Димка всегда улыбался, когда меня видел и смотрел выпученными, глупыми, но добрыми глазами. Почему глупыми? Да потому, что умный взгляд словно пронизывает тебя насквозь, делит на кусочки, взвешивает, и видно, что где-то за глазами слова собираются в мысли, и мысли бегут одна за другой.
У Димки мысли не бегали, они застывали на месте.
– Привет, Даш, – прокартавил он, – ты чего бледная такая, заболела?
Я застыла перед плазмой. Это же не я там! Он что ничего не понимает?!
Нет, он явно ничего не замечал и продолжал о чем-то спрашивать девчонку и улыбался своей дурацкой тупой улыбкой.
Она что-то неохотно буркнула в ответ.
– Дурак, дебил! – закричала я в отчаянии, начала бить по стенам и вопить.
Может, Димка все-таки услышал меня, потому что улыбка застыла, лицо вытянулось удивленно-задумчиво.

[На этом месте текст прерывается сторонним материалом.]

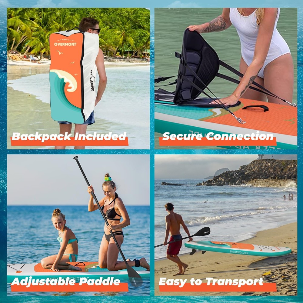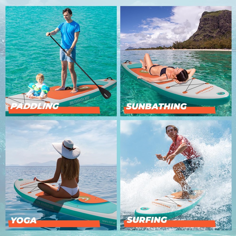 Introducing our latest innovation: Inflatable Paddle Board! Get ready to embark on your next aquatic adventure with ease and style. Crafted with premium materials and cutting-edge technology, our inflatable paddle board offers unparalleled convenience and performance on the water. Designed for adventurers of all levels, from youth beginners to experienced paddlers adults, our paddle board is lightweight, portable, and easy to inflate and deflate. Whether you're exploring tranquil lakes, riding waves in the ocean, or navigating winding rivers, our inflatable paddle board is your ultimate companion. Featuring a non-slip deck for added stability and comfort, along with a durable construction that can withstand the rigors of your outdoor excursions, our paddle board ensures a smooth and enjoyable ride every time. Plus, with its compact design, you can easily transport and store it wherever your adventures take you. Join the paddle boarding revolution and experience the freedom of exploring the water like never before. 【Enjoy the Water with Confidence】Crafted with premium PVC materials and cutting-edge technology that is absolutely stronger and durable than other sup boards, inflatable paddle board ensures lasting durability&reliability, and offers unparalleled convenience and performance on the water,making it the ideal choice for both novice and experienced paddlers seeking a board they can trust. 【Unmatched Stability】Backed by rigorous testing and quality assurance, our inflatable SUP meets industry standards for performance and safety. With a weight limit of 320 pounds, you can trust that our paddleboard offers the stability and resilience needed to navigate different water conditions with ease. 【Fun for Everyone】Whether you're a seasoned paddler or a beginner discovering the joys of stand-up paddleboarding, our inflatable SUP is your perfect companion. Its generous weight limit means it can adapt to various body types and skill levels, making it an excellent choice for individuals and families alike. 【Easy Portability】Inflate, deflate, and hit the water in minutes with our convenient inflatable design. Compact and lightweight when deflated, our SUP is easy to transport, allowing you to explore new waterways effortlessly. 【Order with Confidence】Join countless satisfied customers who have experienced the thrill of paddleboarding with our reliable and versatile inflatable SUP. Our paddle boards come with a 30-day return policy and a complimentary 3-year warranty, guaranteeing your satisfaction. Any concerns with SUP, please reach out to us without hesitation. 【Ready to Dive In】- Get ready to hit the water with 's inflatable paddle board, featuring all essential accessories for instant enjoyment. The package comprises 1 adjustable paddle, 3 detachable fins, 1 safety leash, 1 pump, 1 sup backpack, 1 waterproof phone bag, 1 repair kit, and comprehensive product instruction.
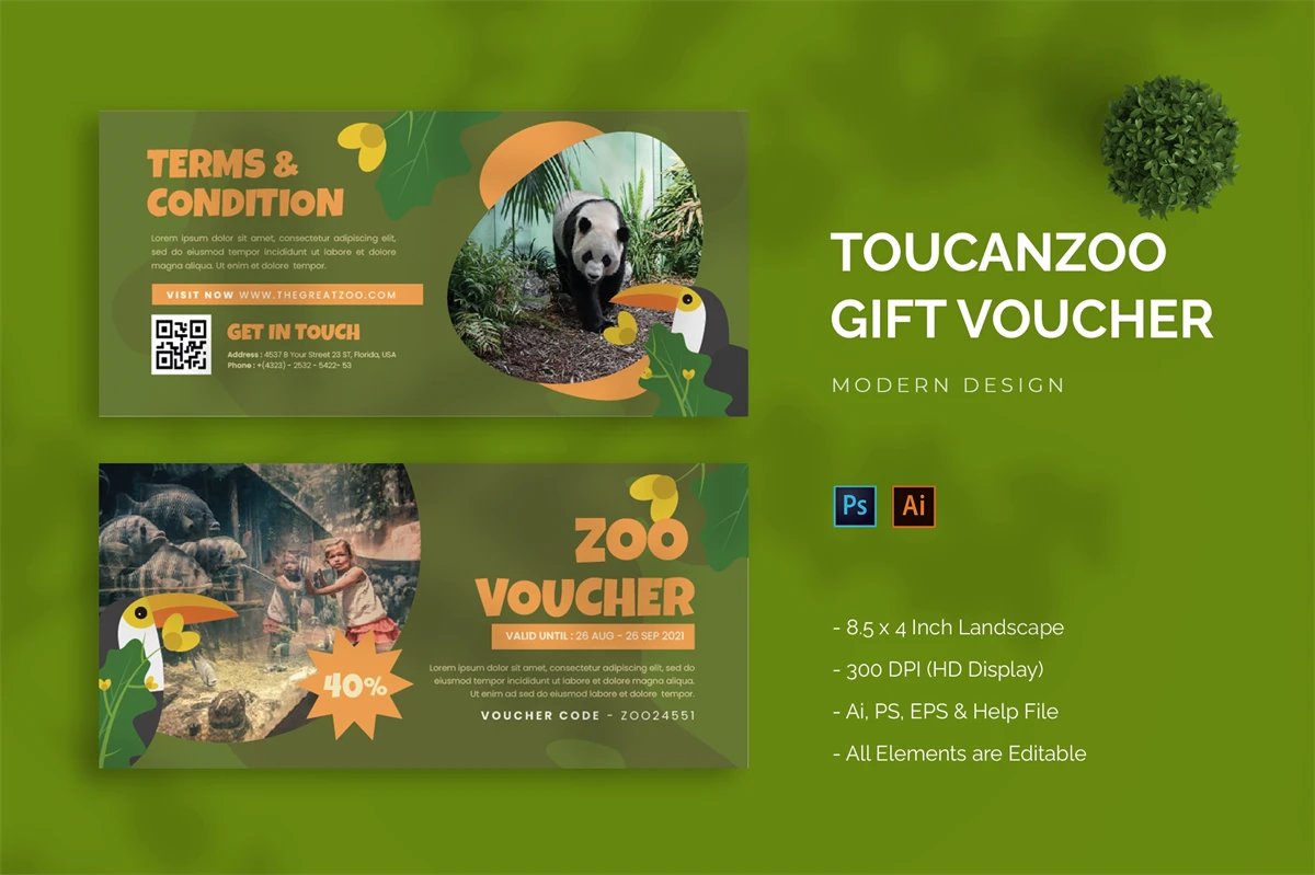This is a ** Toucanzoo - Gift Voucher ** Get it now and don't miss it!, a Gift Voucher for all your business and personal needs. Great for your business and this design will keep you interested, elegant, and easy to edit according to your needs (** Adobe Illustrator, Adobe Photoshop **). You can use this Gift Voucher for your business, event or other publishing like marketing promotions and company profile, and you can also use this gift voucher to your clients and family, I hope you enjoy this, Hope you like it don't forget to rate, Thanks.
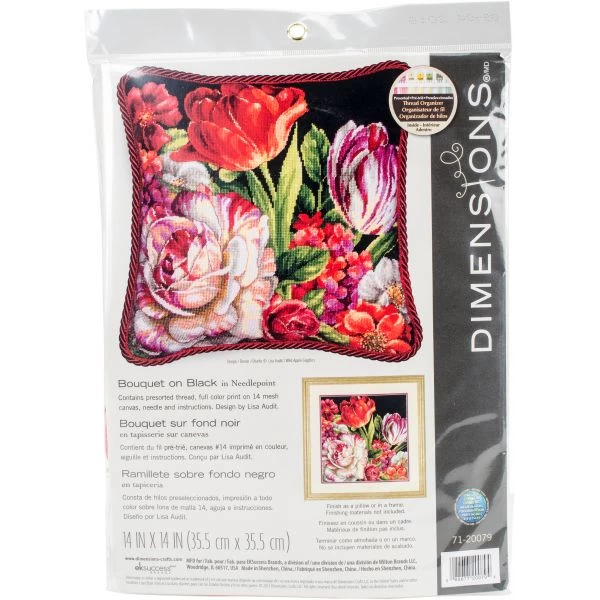 Dimensions Needlepoint Kit 14″X14″ – Dimensions-Needlepoint Kit. Gorgeous designs, vibrant colors, and the highest quality materials are all things that Dimensions brings to you in each of their needlework kits. This package contains one 14-mesh canvas with full-color print, presorted thread, one needle, and instructions. Design: Bouquet On Black. Finished size: 14×14 inches. Designer: Lisa Audit. Imported.
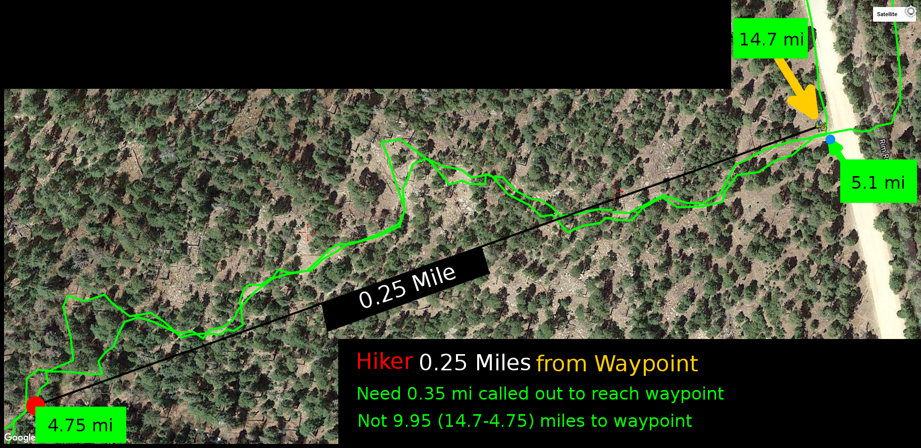- waypoint is closest to a point in the track at 14.7 miles
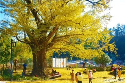 2023年11月25日,安徽安慶,響腸鎮(zhèn)請水寨村千年銀杏樹披“金甲”,進入最佳觀賞期,吸引游客前來游玩賞景。
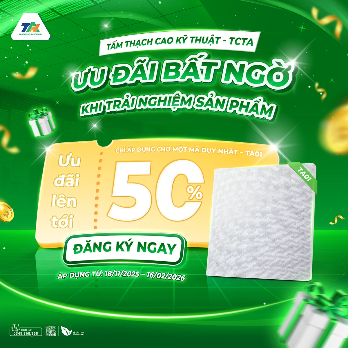 Để khách hàng được trải nghiệm trọn vẹn và rõ ràng nhất, chương trình áp dụng duy nhất với mã sản phẩm TA01, đây là một sản phẩm phù hợp cho những khách hàng đang tìm kiếm giải pháp thi công trần có yêu cầu cao về độ bền, thẩm mỹ và các tính năng an toàn cho sức khỏe. Đây cũng là cách để chúng tôi chăm sóc thật chu đáo từng nhu cầu nhỏ của khách hàng, theo sát phản hồi của khách hàng và đảm bảo trải nghiệm được xuyên suốt, rõ ràng và nhất quán.
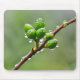 Extreme close de botões verdes de árvores com gotas de chuva
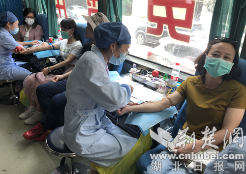 当天早上,两辆大型献血车开进了荆门公交集团一公司与市交通运输局院内,工作人员携手医护人员,对场地进行消毒及布置分工,有序开始采血工作。
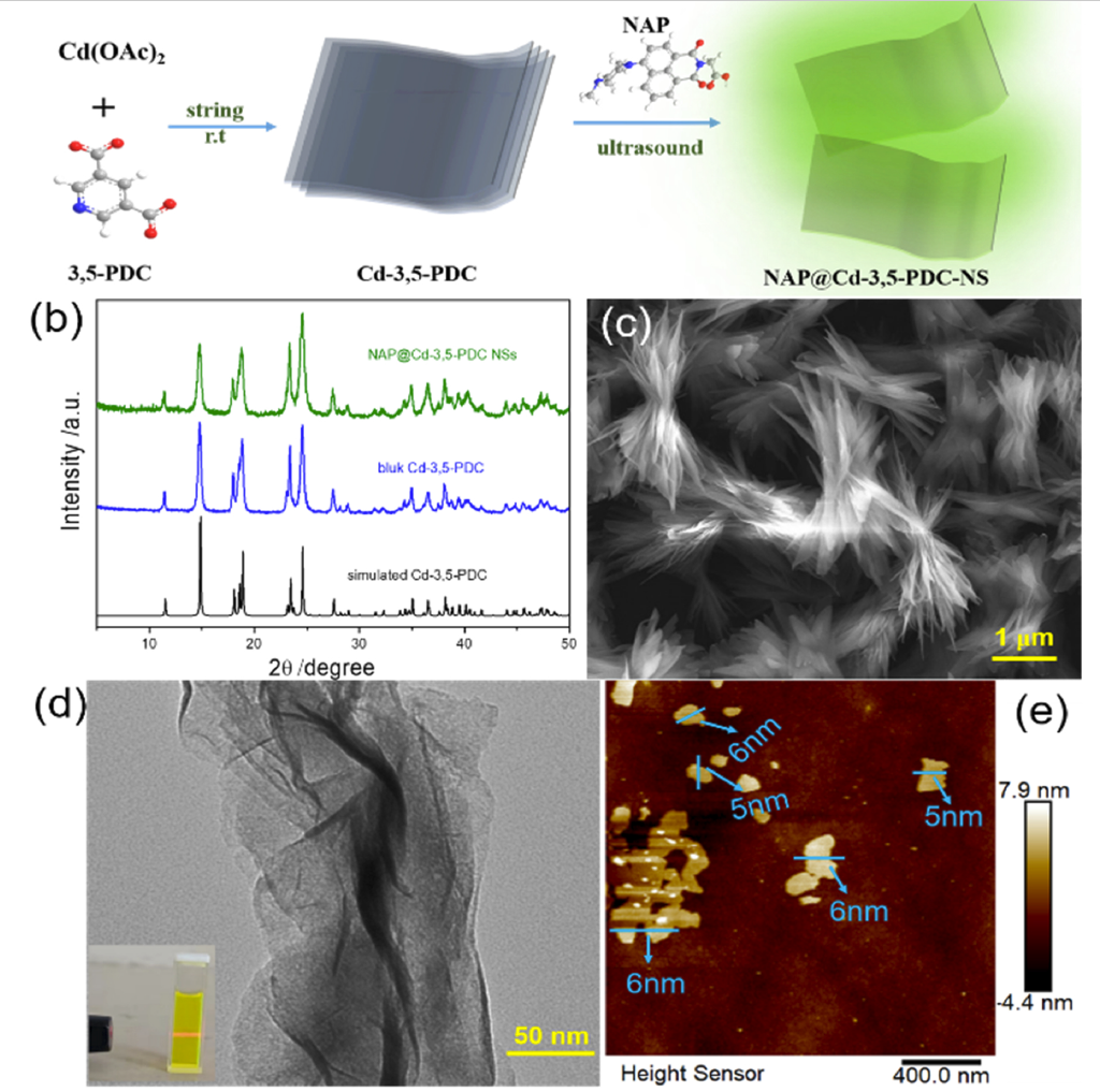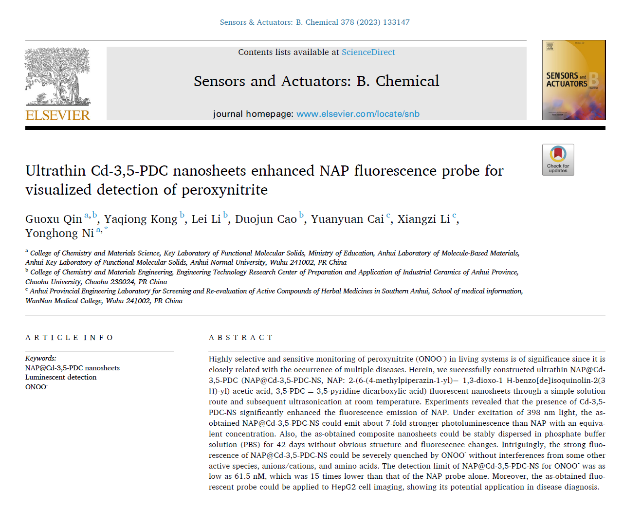 近日,我院秦國旭教授在熒光傳感器研究中取得進(jìn)展,相關(guān)成果以“Ultrathin Cd-3,5-PDC nanosheets enhanced NAP fluorescence probe for visualized detection of peroxynitrite”為題發(fā)表在國際期刊Sensors and Actuators B-Chemical(中科院一區(qū),IF:9.221)。
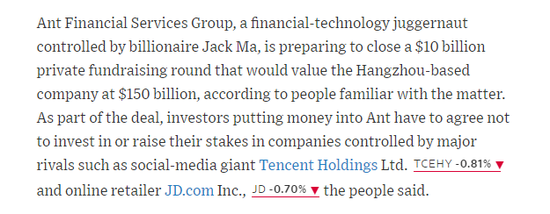 蚂蚁金服投资者不得投资腾讯、京东控制公司?
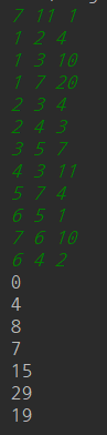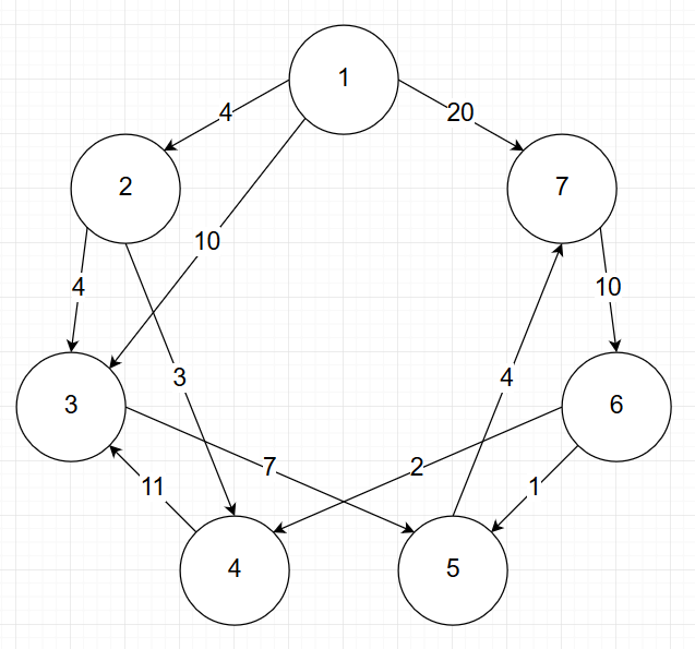 첫 줄에 정점의 개수 N과 간선의 개수 M, 그리고 시작 정점 S가 주어집니다. 다음 M줄에 간선의 관계 시작정점 u와 도착정점 v 그리고 간선 가중치 w가 주어집니다. |

– Помогите! Помогите! – кричала я в истерике, и вдруг в глухой стене появилась дверь. Я могла бы поклясться, но раньше ее не было. Я навалилась на нее изо всех сил, и она неожиданно легко подалась, так легко, что я по инерции полетела вперед и оказалась на полу в длинном, темном коридоре. Может, это выход? Я побежала в темноту, плотно сжатую узкими стенами. Я бежала, выставив руки вперед, чтобы во что-нибудь не врезаться, и бежала до тех пор, пока больно не стукнулась о стену прямо перед собой.
Неужели тупик?
Господи, Господи, пожалуйста! Я стала ощупывать стену, оборачиваясь, прислушиваясь. Я боялась, что за мной гонятся. И вот холодный шар дверной ручки лег в мою горячую ладошку. Я повернула ручку, нажала плечом на дверной массив. Дверь сначала открывалась туго, хищно скрипела проржавевшими петлями, а потом вдруг пошла широко, резко выкинув меня в комнату. В мою комнату! И сразу захлопнулась, растворилась в стене.
Я чувствовала дикую слабость в ногах и несколько минут просто сидела на полу. Потом вскочила, подошла к шкафу и придирчиво осмотрела себя в зеркале, на всякий случай ущипнула два раза за плечо. Это была я! Я! Я!
Теперь я хочу обратиться к вам, взрослые, к настоящим и будущим родителям. Верьте своим детям, верьте в те кошмары, которые мучают их по ночам и будьте внимательны к их страхам.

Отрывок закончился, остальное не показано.